Top of PROVIDED DATA

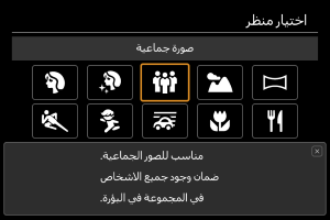 استخدِم [] (صورة جماعية) لالتقاط الصور الجماعية. يمكنك التصوير مع وجود أشخاص من الأمام والخلف في نطاق التركيز البؤري.
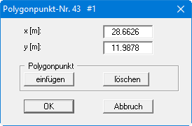 Bei Polygonen wird im blauen Balken die Nummer des angeklickten Polygonpunktes angezeigt, wie in der folgenden Dialogbox zu sehen ist:
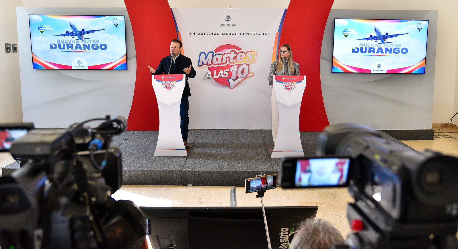 La secretaria de Turismo, Elisa Haro, señaló que esta es una buena etapa para Durango, gracias a las gestiones del Gobernador Esteban y al trabajo coordinado con los aeropuertos, así como con los gobiernos de Sonora y Nuevo León, para seguir ofertando el turismo en las ciudades hermanas y que todos los visitantes conozcan los atractivos con los que cuentan cada entidad.

Bottom of PROVIDED DATA

**TASK GOAL:** For this exercise, write the listing out again exactly, excluding all images.

**EXERCISE ANSWER:**
 استخدِم [] (صورة جماعية) لالتقاط الصور الجماعية. يمكنك التصوير مع وجود أشخاص من الأمام والخلف في نطاق التركيز البؤري.
 Bei Polygonen wird im blauen Balken die Nummer des angeklickten Polygonpunktes angezeigt, wie in der folgenden Dialogbox zu sehen ist:
 La secretaria de Turismo, Elisa Haro, señaló que esta es una buena etapa para Durango, gracias a las gestiones del Gobernador Esteban y al trabajo coordinado con los aeropuertos, así como con los gobiernos de Sonora y Nuevo León, para seguir ofertando el turismo en las ciudades hermanas y que todos los visitantes conozcan los atractivos con los que cuentan cada entidad.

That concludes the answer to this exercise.